*To do:*
Your task is to retype, exactly and without pictures, the line holding "第4步点击【材质编辑器】,弹" and each line that follows it to the end of the entries.

Extracted data entries

━━━━━━

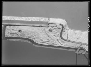 | Keywords: Hjullåsstudsare, Westphalen cirka 1660 - Livrustkammaren - 10505.tif LSH artwork sv Åttsidig sjuräfflad pipa bombredd 2 8 mm Rektangulärt svansskruvblad På kammaren en sköldformig stämpel med hand och därovanför tre otydliga bokstäver G H N LRK vägl 1921 155 Dekor i form av graverade blomrankor på kammaren runt siktet och bakom kornet På kammaren dessutom ett fält med landskap med en man och fyra springande hundar Riktmedel Ståndsikte av stål med bred u-formig skärm Spolformigt korn av mässing båda inlaxade Fästning Pipan fäst med krysskruv underifrån främre varbygelskruven samt tre pipstift av trä Hjullås av tysk typ plant låsbleck l 205 mm Dekor i form av graverade blomrankor i låg relief mot mörkskrafferad bakgrund Bakom hjulet ett ovalt fält med landskap däri ryttare som förföljer en springande hjort två hundar Utanpåliggande hjul fäst med halvcirkelformig uppåt breddad ring fäst med två skruvar kl 3 och 9 Svängd eldskärm avslutad med horisontell hjärtformig spets Fängpannelock med rörlig arm lockets framkant fasad och försedd med graverad dekor svängt rundat fingergrepp framtill avslutat med ett treflikigt blad Hane med fyrsidig kropp med rundad räfflad utsida ringformig hanhals med stor skärm lös överkäke Hals och käkar graverade som fågelhuvuden Uppåtböjt fingergrepp avslutat med en rund platt med spiralgravering Käkskruv med fyrsidigt huvud upptill koniskt med kulformig avslutning Hanfjäder med fasade kanter konturerad studel med glasögonformig genombrytning Avtryckarstången och fängpannelockets stoppfjädrar blånerade Fästning Två låsskruvar Avtryckare med konturerat och profilerat snälltryck Helstock av rödmålat trä rödbok nästan helt täckt med elfenbensplattor med snidad dekor Kolv av tysk typ med kolvlåda och vinge framtill avslutad med volut Den snidade dekoren föreställer landskap med jaktscener se Hellner Kolvlådelock av elfenben Kolvkula av stål Spetsrörka av elfenben med maskaron Topprörka och näsband samt bakplåten saknas Bred varbygel av stål med tre fingerlägen korta genombrutna armar på bygeln graverad rankdekor samt ovalt fält med landskap med jägare hund och hjort Tillbehör Laddstock av rödmålat trä l 742 mm i ena änden ett invändigt gängat stålrör l 119 mm Gåva till Karl XI från landshövdingen friherre Augustin Leijonsköld 1634-1682 original caption ca 1660 ivory e8 - eldvapen - stockdekor material elfenben - steel e1247 - eldvapen - pipa lås riktmedel och beslag material stål - brass e4 - eldvapen - riktmedel material mässing - beech e3 - eldvapen - stock material rödbok size mm 775 pipa size mm 1068 g 4430 LRK Karl XI av Sverige Augustin Leijonsköld Jakt 1973 Läckö slott Tre Karlar 1984-1985 Trofast - hov och tass i kunglig tjänst 2010-2011 Livrustkammaren Trogna vänner - Kungliga hästar och hundar 2011-2012 Museiverket/Finlands nationalmuseum basutställning G H N hand 1921 155 anv e1 - eldvapen - pipa; anonym pipsmed place of origin original filename LN_B16581_019461 39529 inventory number LRK 2919 10505 CC0 Hjullåsstudsare Westphalen cirka 1660 - Livrustkammaren - 10505-negative tif <gallery caption Different images of same object > File Bössa elfenben - Livrustkammaren - 86497 tif File Hjullåsstudsare Westphalen cirka 1660 - Livrustkammaren - 19075 tif File Hjullåsstudsare Westphalen cirka 1660 - Livrustkammaren - 19100 tif File Hjullåsstudsare Westphalen cirka 1660 - Livrustkammaren - 36190 tif File Hjullåsstudsare - Livrustkammaren - 95342 tif File Hjullåsstudsare Westphalen cirka 1660 - Livrustkammaren - 53308 tif File Hjullåsstudsare Westphalen cirka 1660 - Livrustkammaren - 1978 tif File Hjullåsstudsare Westphalen cirka 1660 - Livrustkammaren - 19067 tif File Hjullåsstudsare Westphalen cirka 1660 - Livrustkammaren - 44747 tif File Hjullåsstudsare Westphalen cirka 1660 - Livrustkammaren - 61869 tif File Hjullåsstudsare Westphalen cirka 1660 - Livrustkammaren - 44748 tif File Hjullåsstudsare Westphalen cirka 1660 - Livrustkammaren - 10538 tif File Hjullåsstudsare Westphalen cirka 1660 - Livrustkammaren - 27629 tif File Bössa elfenben - Livrustkammaren - 86498 tif </gallery> Muskets Media contributed by LSH dim-with multiple size templates Media contributed by LSH 2016-12 |
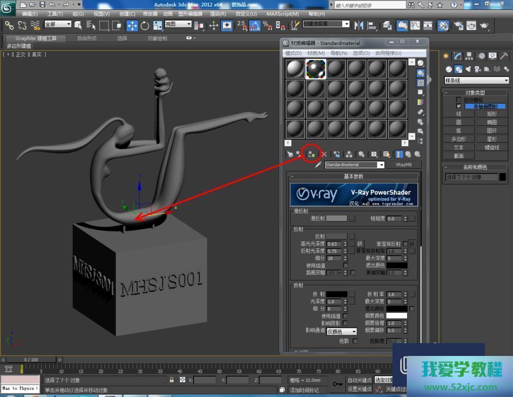 第4步点击【材质编辑器】,弹出材质编辑器修立栏,抉择一个新材质球,点击【standard】-【VRayMlt】,按图示参数修立一个银色材质球并附加给模子(如图所示);
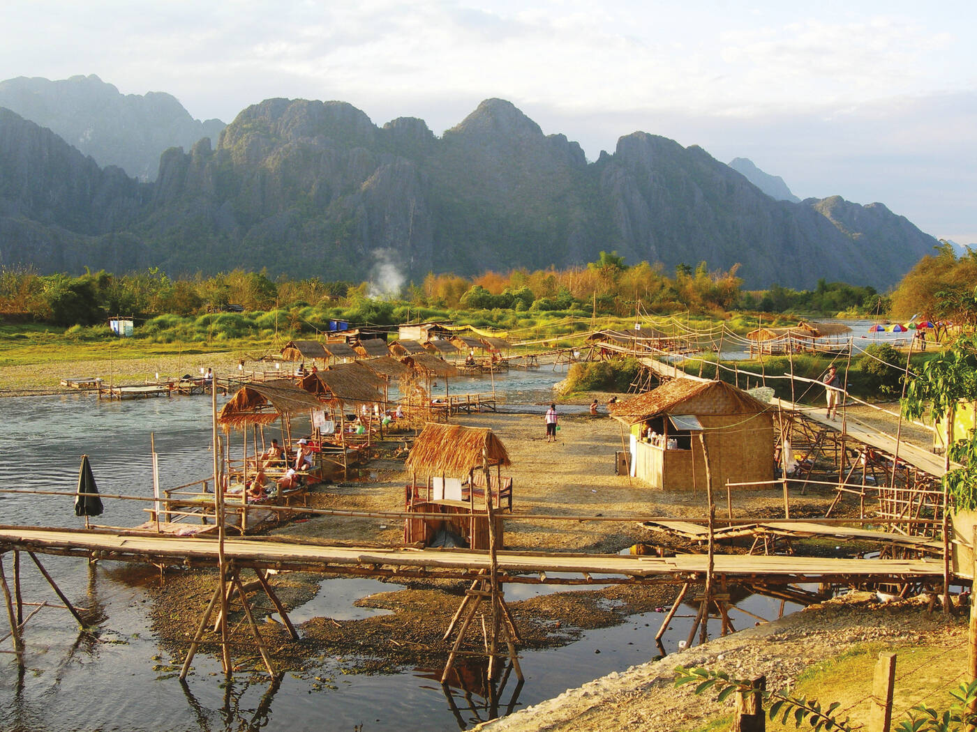 Vormittags ca. zweistündige Zugfahrt nach nach Vangvieng. Der Ort liegt malerisch am Song-Fluss. Besichtigung der Höhle Tham Jang in den bizarren Kalksteinwänden am Flussufer.
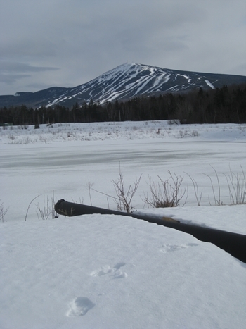 The plant discharges to several holding lagoons, seen here somewhat frozen over. Sugarloaf looms in the background.
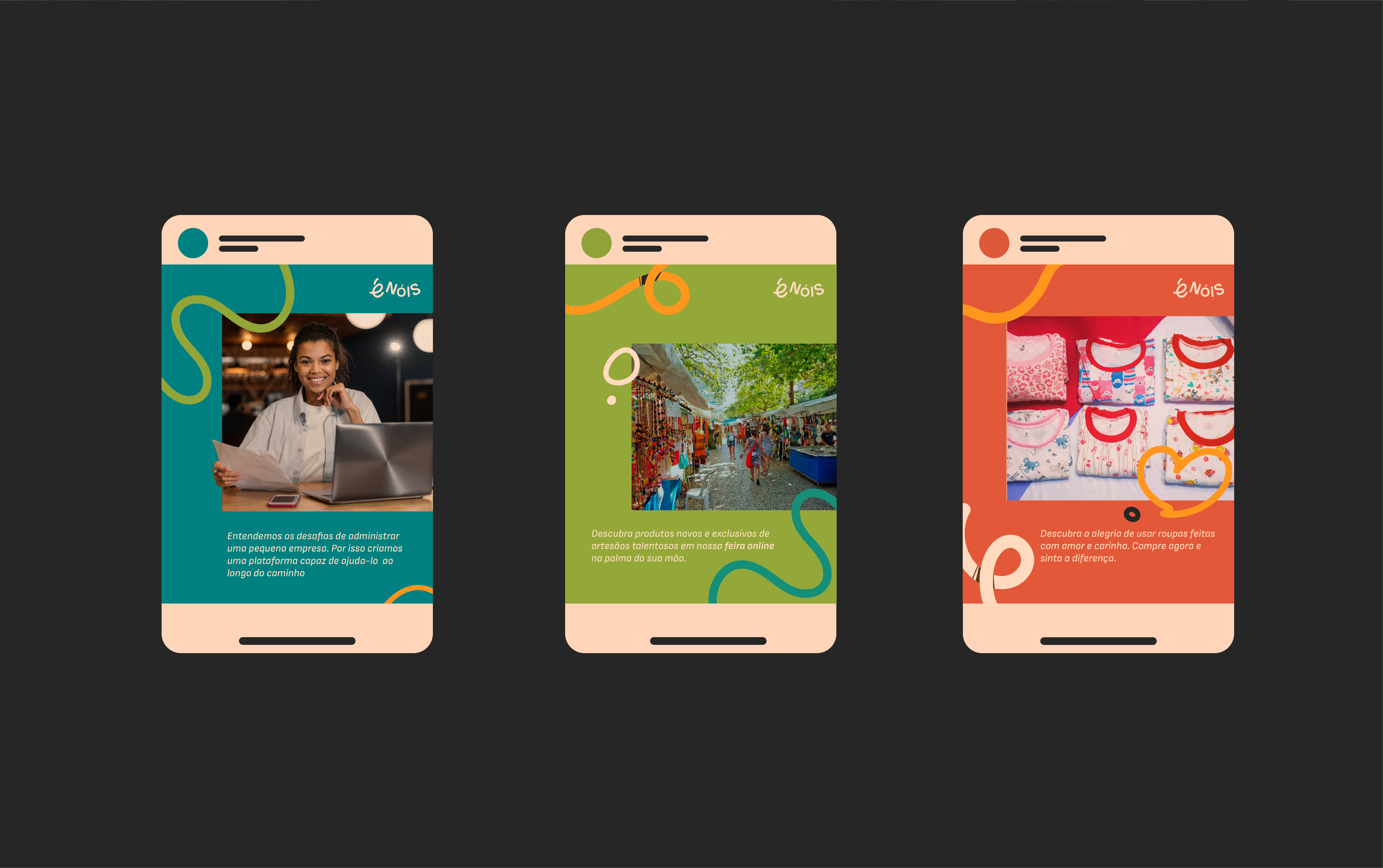 A É nóis é uma empresa de marketplace voltada para os pequenos empreendedores de vestuários e artesanato, que tem como objetivo conectar os pequenos produtores aos clientes, além de incentivar uma união entre os pequenos empreendedores, tudo isso através da plataforma digital, redes sociais e projetos externos da marca. Busca passar uma imagem séria e comprometida com os produtores e clientes da plataforma, além de ser uma alternativa inovadora que trás para o mercado, já saturado pelos grandes negócios, a diversidade e criatividade que os pequenos têm a oferecer.
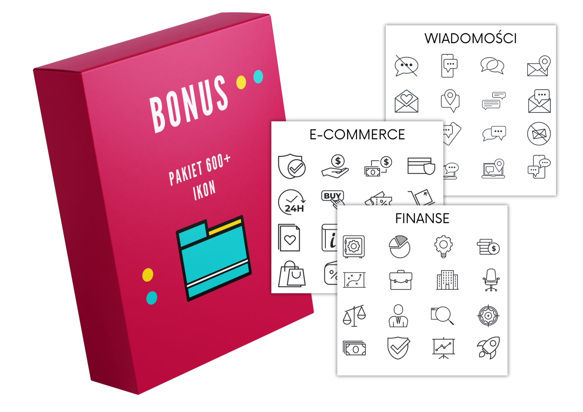 Ponad 600 estetycznych ikon, które możesz wykorzystać w swoich projektach! Ikony są dostępne w 38 kategoriach i różnych formatach (.png, .pdf, .svg), dzięki czemu z łatwością dopasujesz je do swoich projektów.
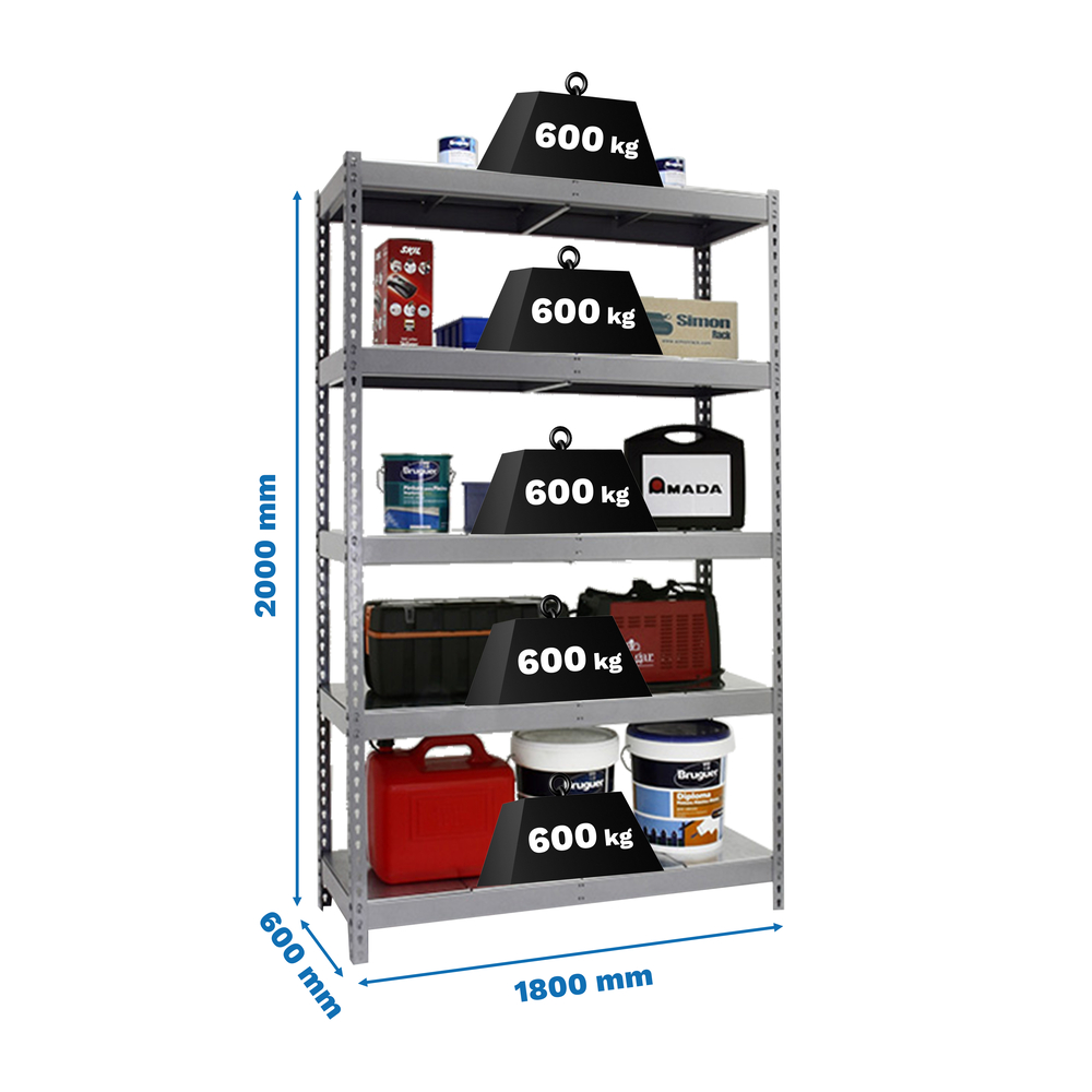 Étagère charge moyenne 500 à 600kg - 2000x1800x600 - 5 niveaux Gris - SIMON RACK - 8435104976388

━━━━━━

*Answer section:*
 第4步点击【材质编辑器】,弹出材质编辑器修立栏,抉择一个新材质球,点击【standard】-【VRayMlt】,按图示参数修立一个银色材质球并附加给模子(如图所示);
 Vormittags ca. zweistündige Zugfahrt nach nach Vangvieng. Der Ort liegt malerisch am Song-Fluss. Besichtigung der Höhle Tham Jang in den bizarren Kalksteinwänden am Flussufer.
 The plant discharges to several holding lagoons, seen here somewhat frozen over. Sugarloaf looms in the background.
 A É nóis é uma empresa de marketplace voltada para os pequenos empreendedores de vestuários e artesanato, que tem como objetivo conectar os pequenos produtores aos clientes, além de incentivar uma união entre os pequenos empreendedores, tudo isso através da plataforma digital, redes sociais e projetos externos da marca. Busca passar uma imagem séria e comprometida com os produtores e clientes da plataforma, além de ser uma alternativa inovadora que trás para o mercado, já saturado pelos grandes negócios, a diversidade e criatividade que os pequenos têm a oferecer.
 Ponad 600 estetycznych ikon, które możesz wykorzystać w swoich projektach! Ikony są dostępne w 38 kategoriach i różnych formatach (.png, .pdf, .svg), dzięki czemu z łatwością dopasujesz je do swoich projektów.
 Étagère charge moyenne 500 à 600kg - 2000x1800x600 - 5 niveaux Gris - SIMON RACK - 8435104976388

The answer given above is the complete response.